> [WORK ORDER]:
With the pictures left out, every record must be reproduced exactly.

> [EXERCISE DATA]:
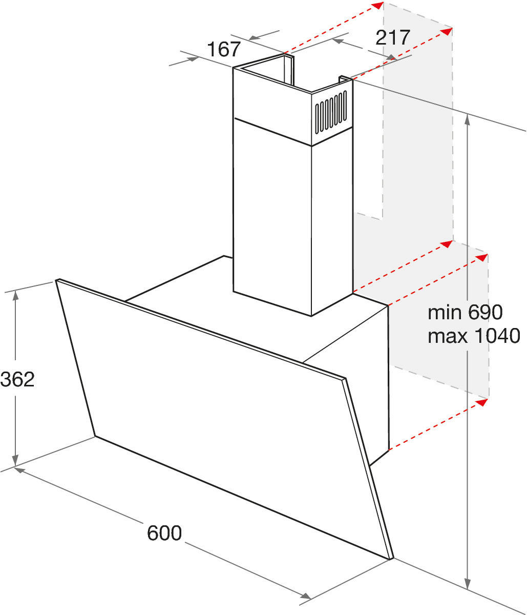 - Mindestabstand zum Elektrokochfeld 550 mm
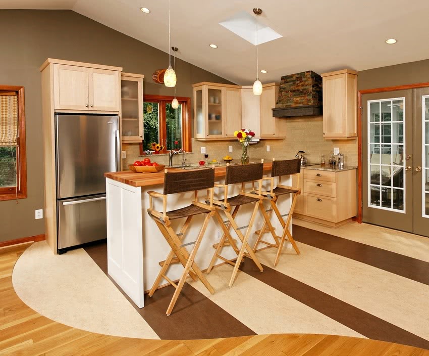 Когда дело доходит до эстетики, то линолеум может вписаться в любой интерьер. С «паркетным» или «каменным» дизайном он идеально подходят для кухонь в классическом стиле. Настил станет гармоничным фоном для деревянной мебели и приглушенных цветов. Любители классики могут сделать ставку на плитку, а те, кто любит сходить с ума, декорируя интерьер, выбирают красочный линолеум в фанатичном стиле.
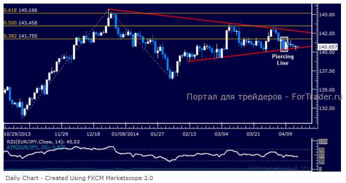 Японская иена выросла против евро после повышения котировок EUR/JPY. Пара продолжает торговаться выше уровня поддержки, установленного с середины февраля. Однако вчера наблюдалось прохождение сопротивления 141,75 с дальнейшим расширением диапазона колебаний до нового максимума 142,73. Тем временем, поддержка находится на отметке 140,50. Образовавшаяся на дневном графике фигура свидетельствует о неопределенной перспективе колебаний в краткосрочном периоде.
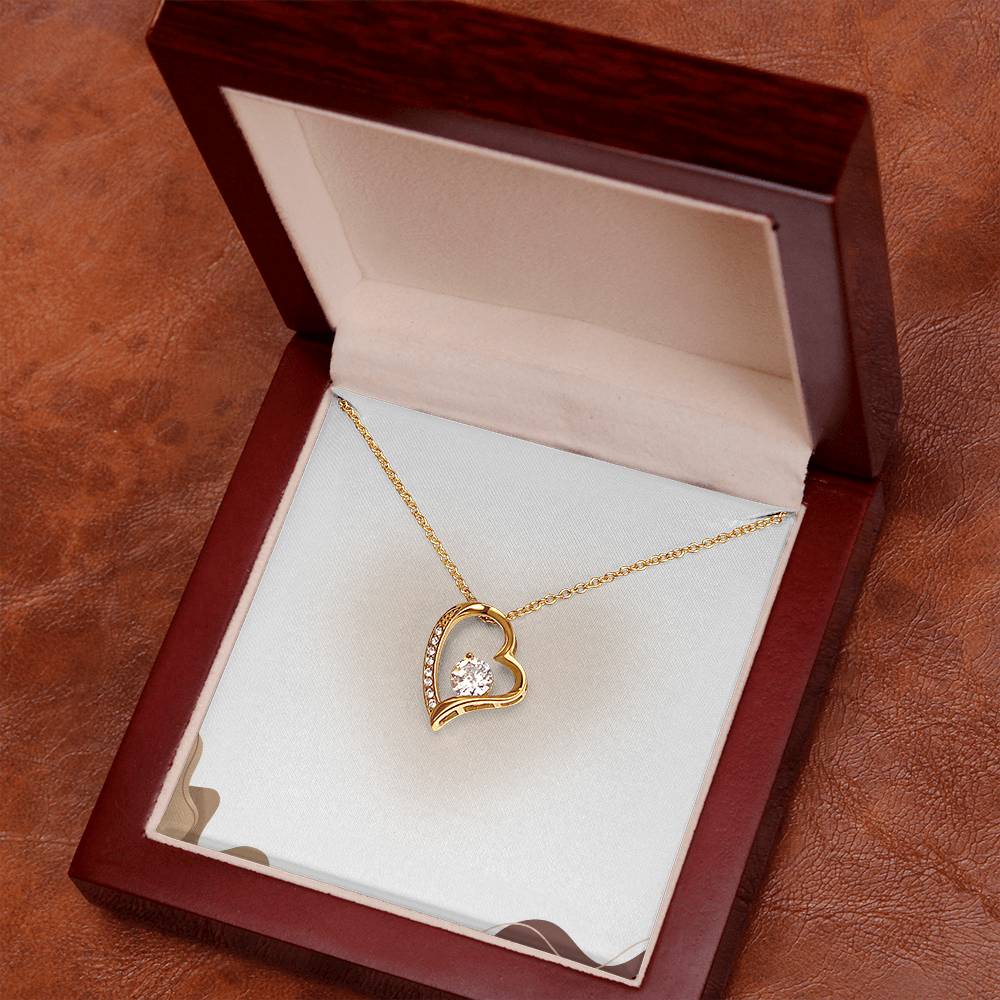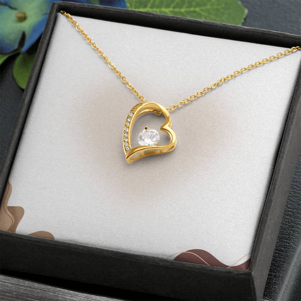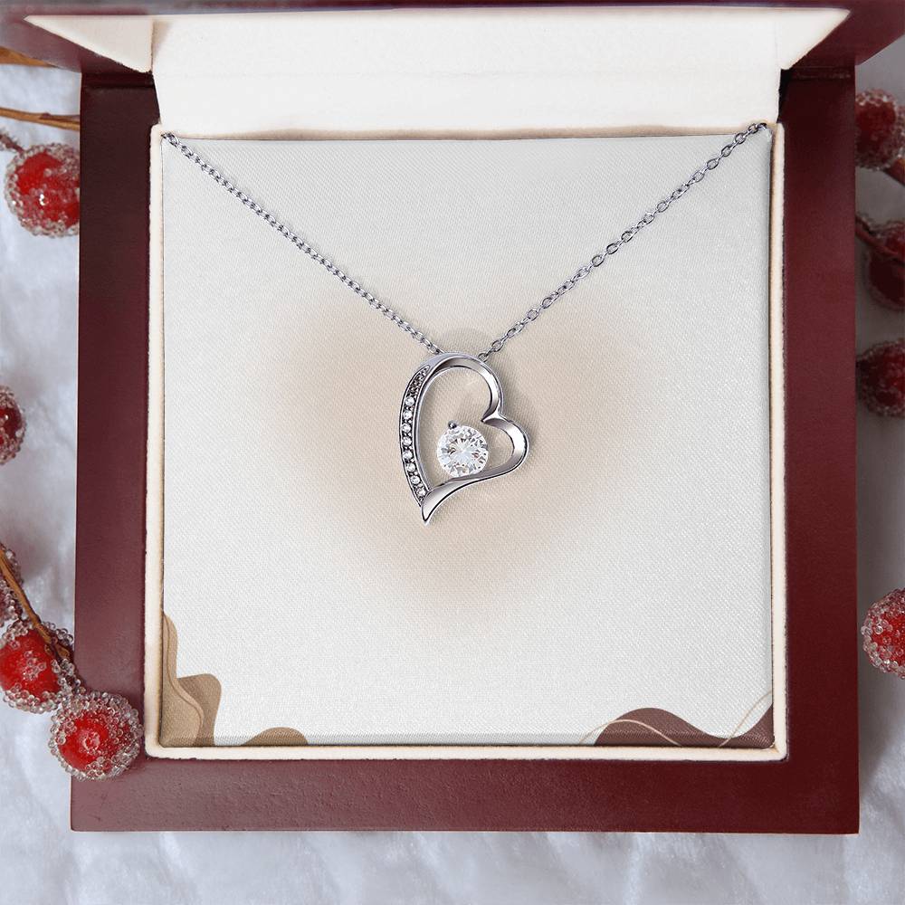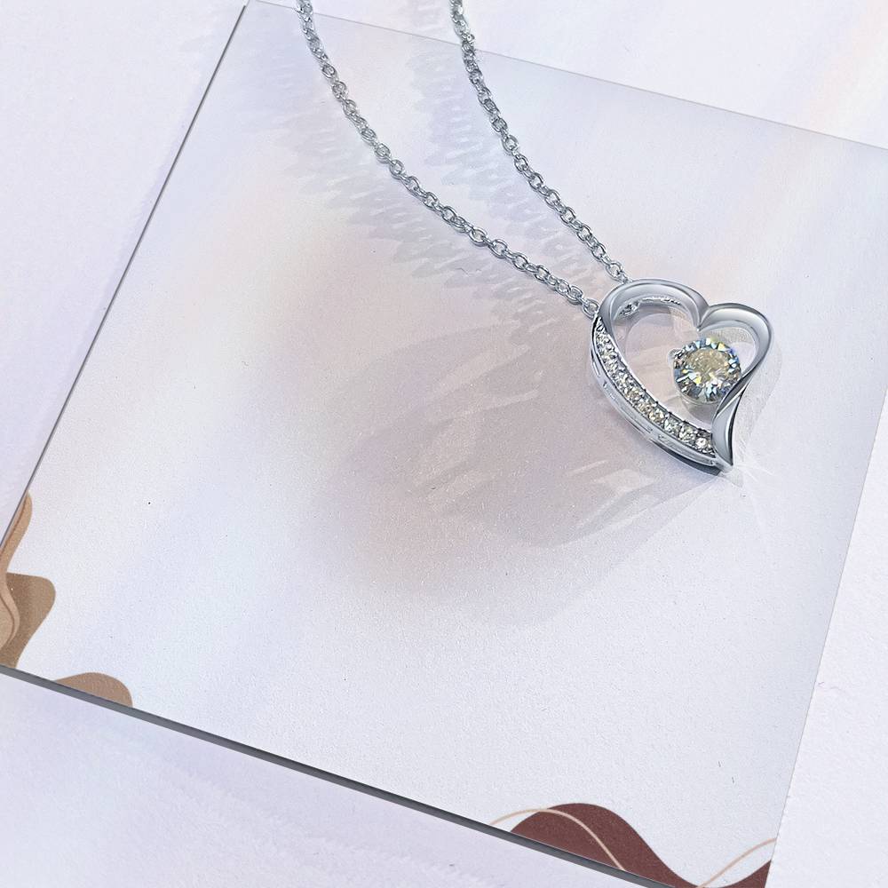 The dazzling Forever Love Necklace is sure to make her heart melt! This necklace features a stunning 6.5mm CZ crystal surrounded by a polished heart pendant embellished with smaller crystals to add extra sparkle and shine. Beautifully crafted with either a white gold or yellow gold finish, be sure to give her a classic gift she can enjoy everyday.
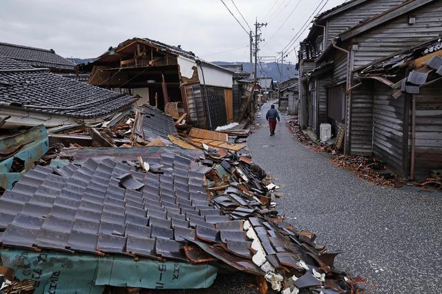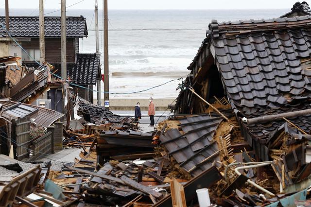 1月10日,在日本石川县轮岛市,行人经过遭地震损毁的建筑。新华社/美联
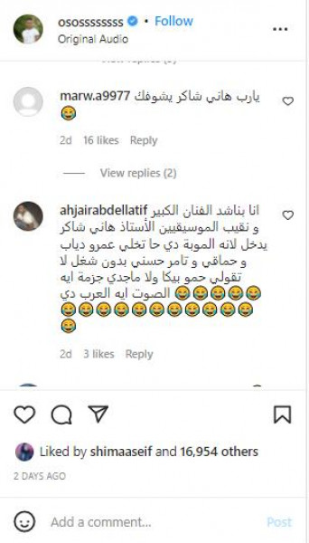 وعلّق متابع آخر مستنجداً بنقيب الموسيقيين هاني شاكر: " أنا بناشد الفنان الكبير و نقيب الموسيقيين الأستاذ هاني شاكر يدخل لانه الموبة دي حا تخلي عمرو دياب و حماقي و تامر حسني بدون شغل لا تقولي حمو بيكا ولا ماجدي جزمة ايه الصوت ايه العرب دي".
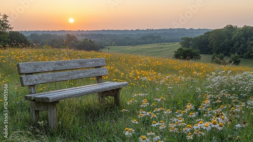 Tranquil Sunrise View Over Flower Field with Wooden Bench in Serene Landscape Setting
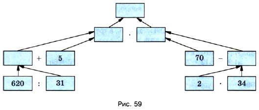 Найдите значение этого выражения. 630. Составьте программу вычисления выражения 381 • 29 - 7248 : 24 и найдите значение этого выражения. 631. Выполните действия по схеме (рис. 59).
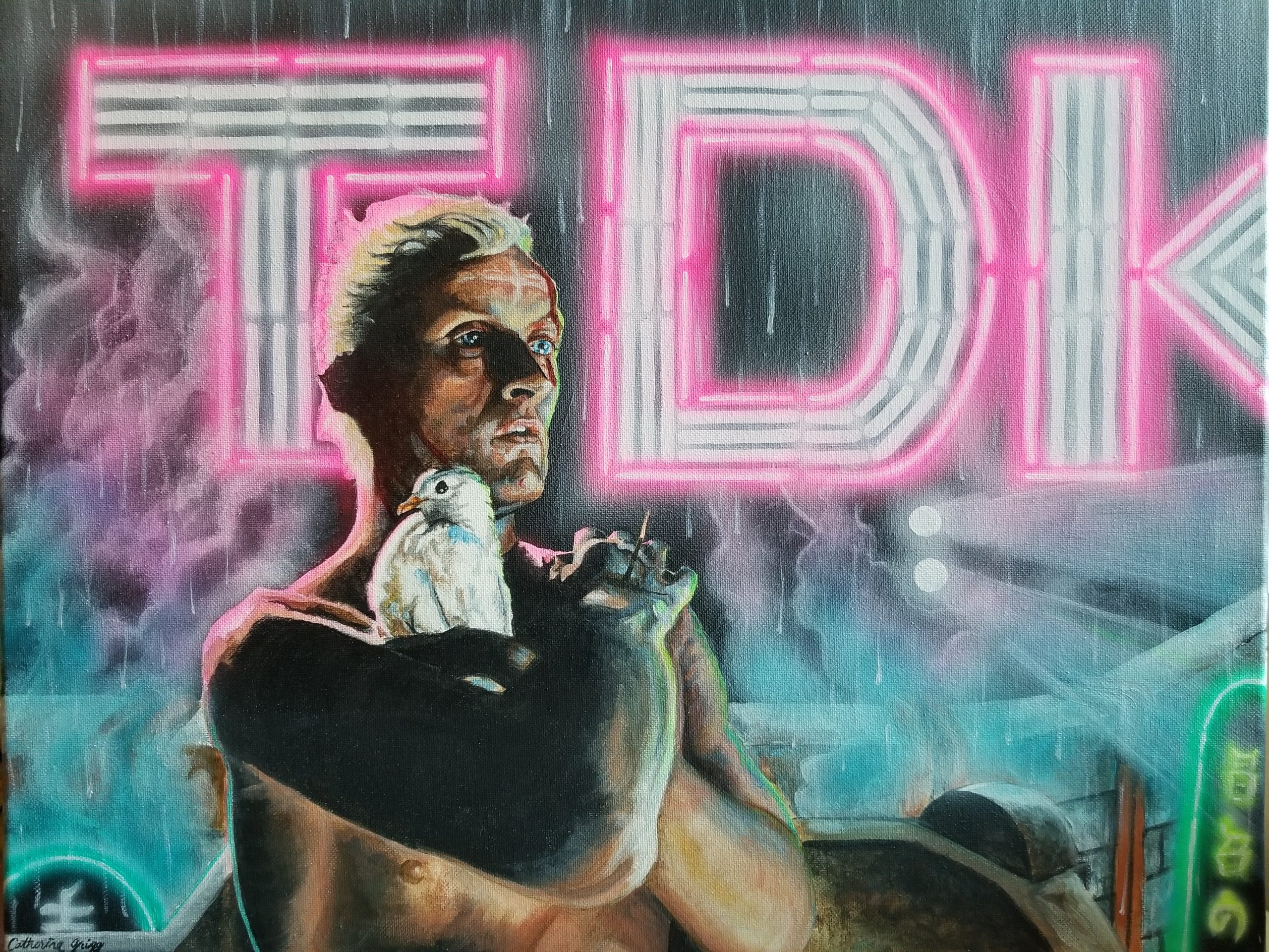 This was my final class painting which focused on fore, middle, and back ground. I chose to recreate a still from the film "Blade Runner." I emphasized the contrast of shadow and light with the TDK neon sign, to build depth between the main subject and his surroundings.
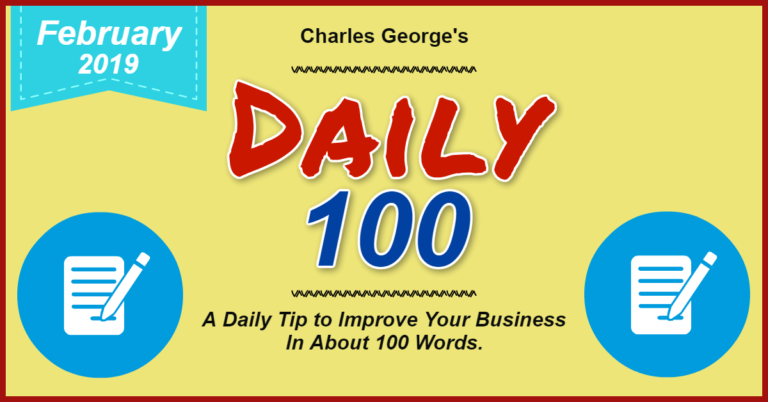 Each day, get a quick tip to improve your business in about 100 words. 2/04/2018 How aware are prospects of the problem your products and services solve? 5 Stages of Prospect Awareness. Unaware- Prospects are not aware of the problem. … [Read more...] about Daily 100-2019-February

> [YOUR SOLUTION]:
 - Mindestabstand zum Elektrokochfeld 550 mm
 Когда дело доходит до эстетики, то линолеум может вписаться в любой интерьер. С «паркетным» или «каменным» дизайном он идеально подходят для кухонь в классическом стиле. Настил станет гармоничным фоном для деревянной мебели и приглушенных цветов. Любители классики могут сделать ставку на плитку, а те, кто любит сходить с ума, декорируя интерьер, выбирают красочный линолеум в фанатичном стиле.
 Японская иена выросла против евро после повышения котировок EUR/JPY. Пара продолжает торговаться выше уровня поддержки, установленного с середины февраля. Однако вчера наблюдалось прохождение сопротивления 141,75 с дальнейшим расширением диапазона колебаний до нового максимума 142,73. Тем временем, поддержка находится на отметке 140,50. Образовавшаяся на дневном графике фигура свидетельствует о неопределенной перспективе колебаний в краткосрочном периоде.
 The dazzling Forever Love Necklace is sure to make her heart melt! This necklace features a stunning 6.5mm CZ crystal surrounded by a polished heart pendant embellished with smaller crystals to add extra sparkle and shine. Beautifully crafted with either a white gold or yellow gold finish, be sure to give her a classic gift she can enjoy everyday.
 1月10日,在日本石川县轮岛市,行人经过遭地震损毁的建筑。新华社/美联
 وعلّق متابع آخر مستنجداً بنقيب الموسيقيين هاني شاكر: " أنا بناشد الفنان الكبير و نقيب الموسيقيين الأستاذ هاني شاكر يدخل لانه الموبة دي حا تخلي عمرو دياب و حماقي و تامر حسني بدون شغل لا تقولي حمو بيكا ولا ماجدي جزمة ايه الصوت ايه العرب دي".
 Tranquil Sunrise View Over Flower Field with Wooden Bench in Serene Landscape Setting
 Найдите значение этого выражения. 630. Составьте программу вычисления выражения 381 • 29 - 7248 : 24 и найдите значение этого выражения. 631. Выполните действия по схеме (рис. 59).
 This was my final class painting which focused on fore, middle, and back ground. I chose to recreate a still from the film "Blade Runner." I emphasized the contrast of shadow and light with the TDK neon sign, to build depth between the main subject and his surroundings.
 Each day, get a quick tip to improve your business in about 100 words. 2/04/2018 How aware are prospects of the problem your products and services solve? 5 Stages of Prospect Awareness. Unaware- Prospects are not aware of the problem. … [Read more...] about Daily 100-2019-February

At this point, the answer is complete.